_Provided data:_
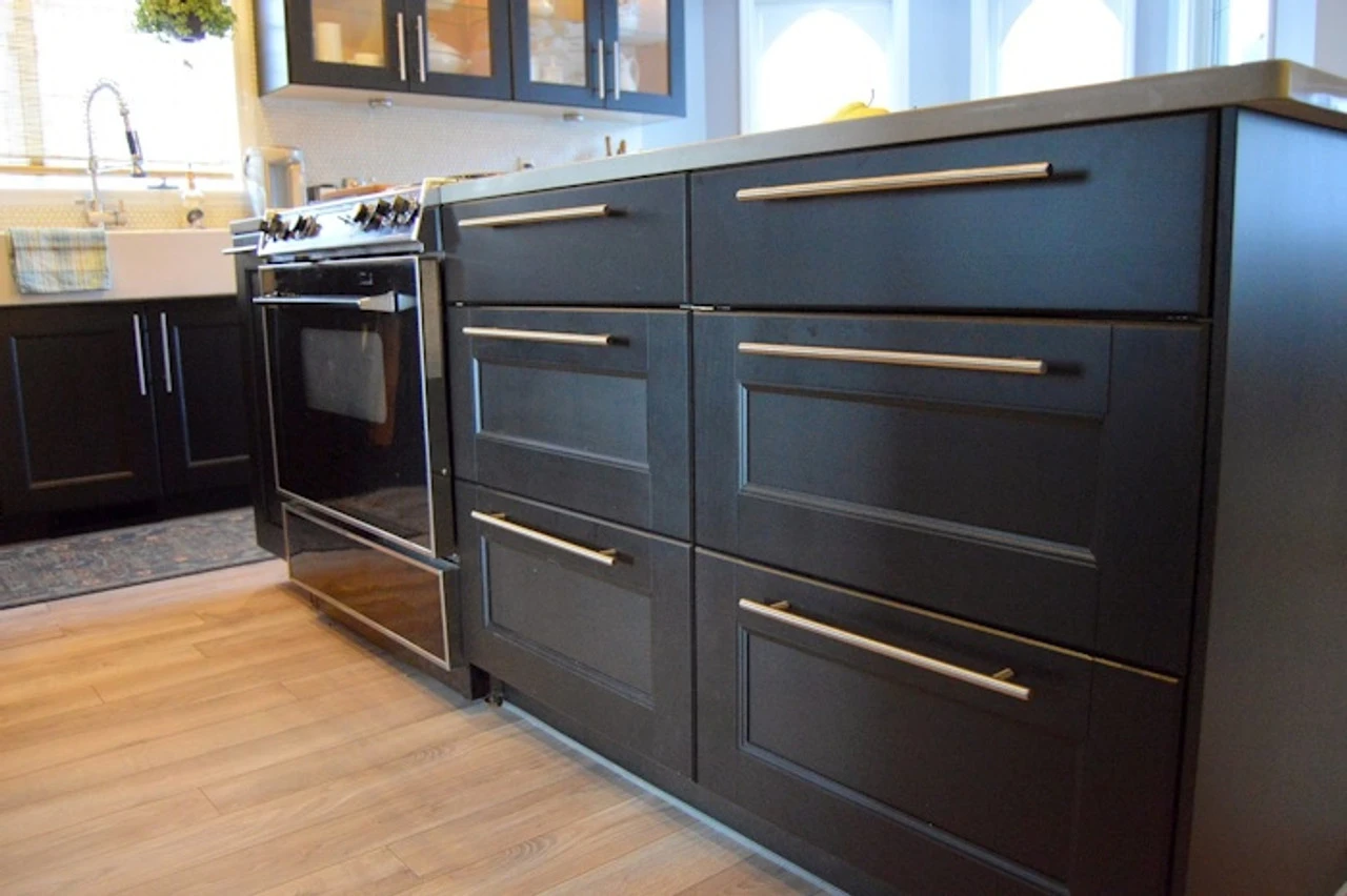 Outstanding Stainless Steel Bar Pull Alternative. Solid steel bar pull finished in beautiful and durable satin nickel. Bauhaus. Long and elegant bar pulls make a statement when used on your projects. The additional images feature this collection of satin nickel bar pulls as seen on the DIY and decorating blog My Five Men.
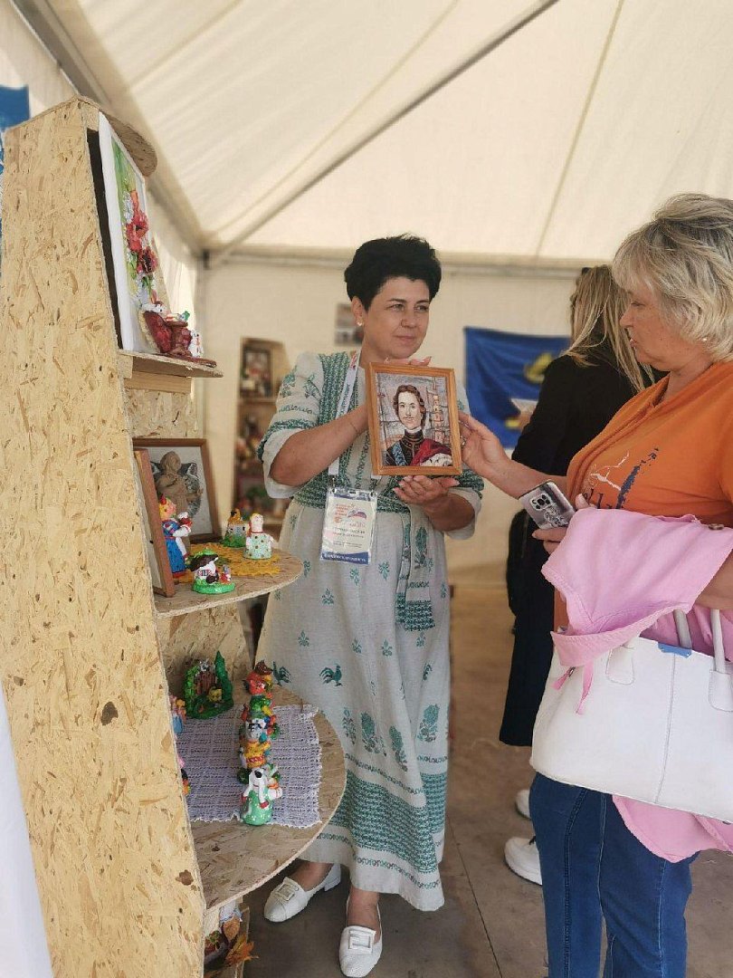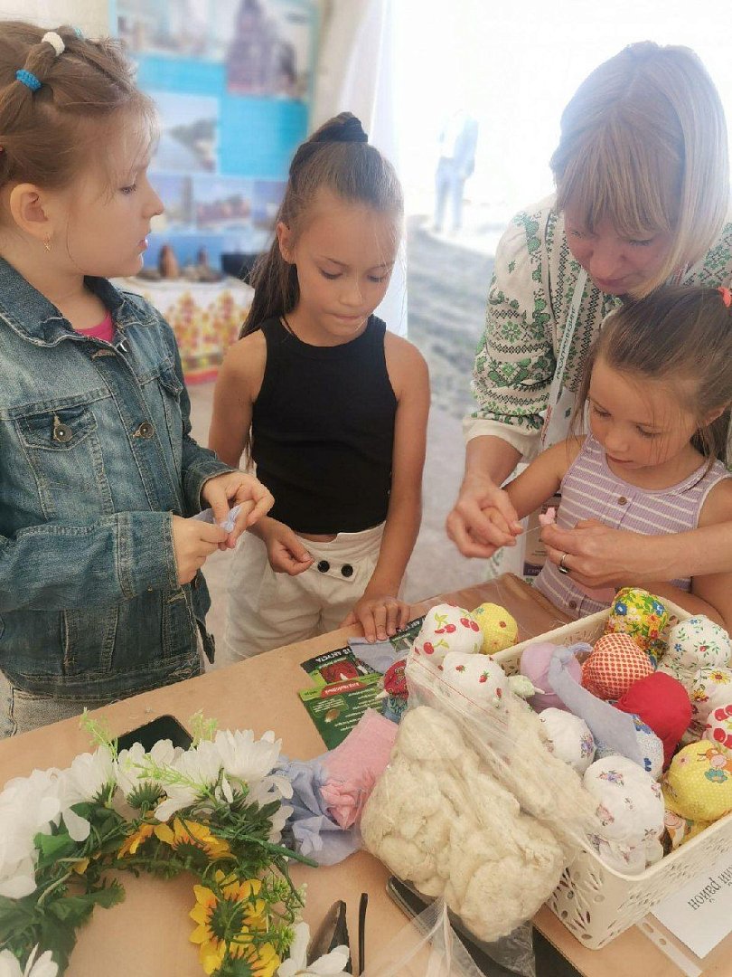 На выставке представлена глиняная брендовая игрушка, созданная руководителем кружка «Жар-птица» Еленой Долматовой. Также Елена Викторовна проводит мастер-класс по изготовлению пальчиковой игрушки. К продаже доступны кукла-оберег и кукла-травница.
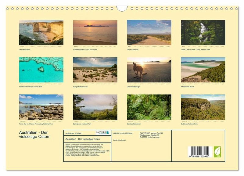 Australiens Landschaften sind einzigartig und vielseitig. Dieser Kalender nimmt Sie mit auf einer Reise quer durch den Osten des Kontinents. Erleben Sie die fesselnden Landschaften Australiens! Träumen Sie sich auf den "roten Kontinent"!
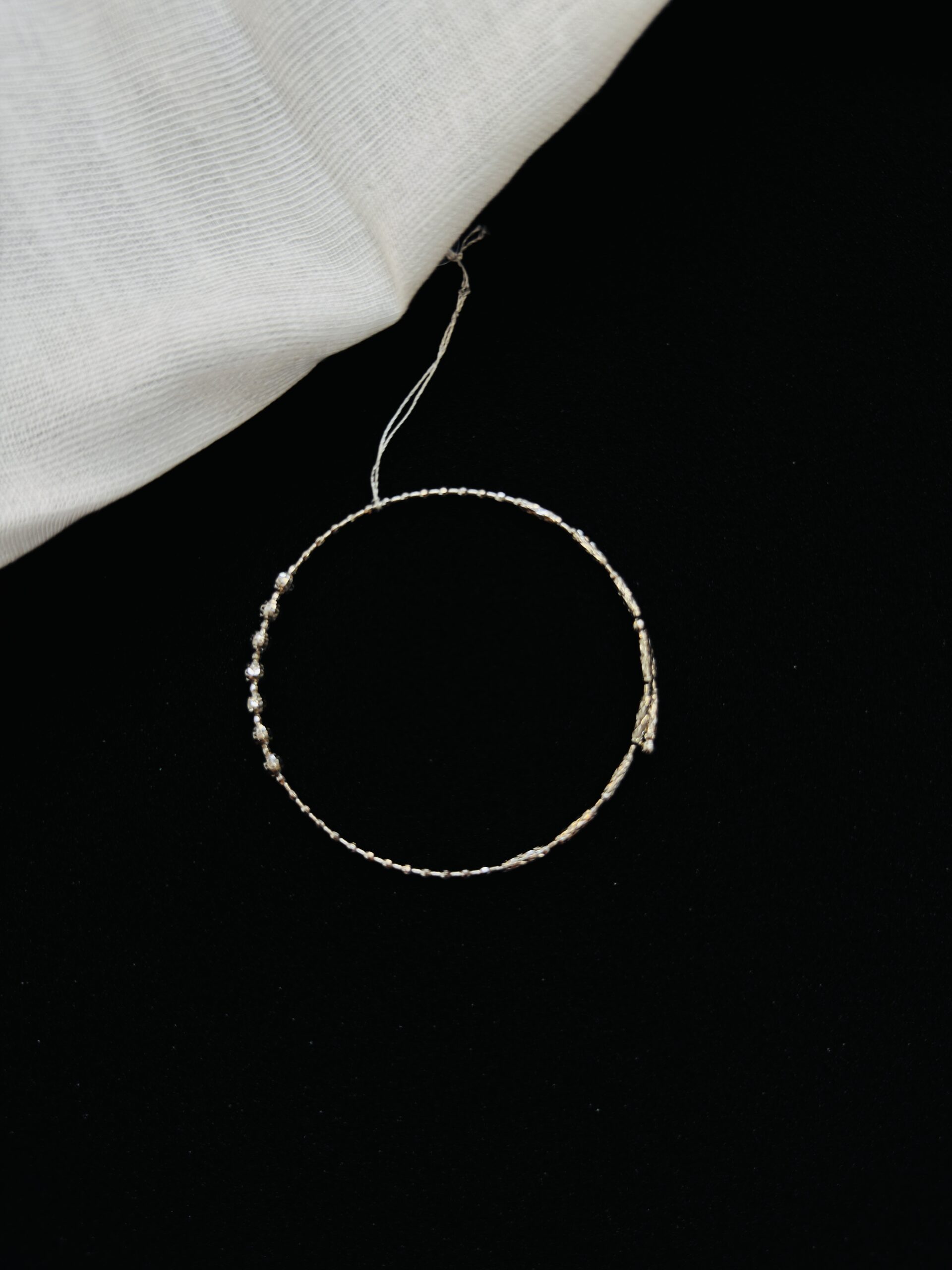 上質なK18ホワイトゴールドを使用した、4mmクロスラインデザインのバングル。 繊細に施されたラインが光を受けるたびに繊細に煌めき、上品で洗練された印象を与えます。

_Try it:_ Repeat all of the data above word for word, minus the pictures.

_Written solution:_
 Outstanding Stainless Steel Bar Pull Alternative. Solid steel bar pull finished in beautiful and durable satin nickel. Bauhaus. Long and elegant bar pulls make a statement when used on your projects. The additional images feature this collection of satin nickel bar pulls as seen on the DIY and decorating blog My Five Men.
 На выставке представлена глиняная брендовая игрушка, созданная руководителем кружка «Жар-птица» Еленой Долматовой. Также Елена Викторовна проводит мастер-класс по изготовлению пальчиковой игрушки. К продаже доступны кукла-оберег и кукла-травница.
 Australiens Landschaften sind einzigartig und vielseitig. Dieser Kalender nimmt Sie mit auf einer Reise quer durch den Osten des Kontinents. Erleben Sie die fesselnden Landschaften Australiens! Träumen Sie sich auf den "roten Kontinent"!
 上質なK18ホワイトゴールドを使用した、4mmクロスラインデザインのバングル。 繊細に施されたラインが光を受けるたびに繊細に煌めき、上品で洗練された印象を与えます。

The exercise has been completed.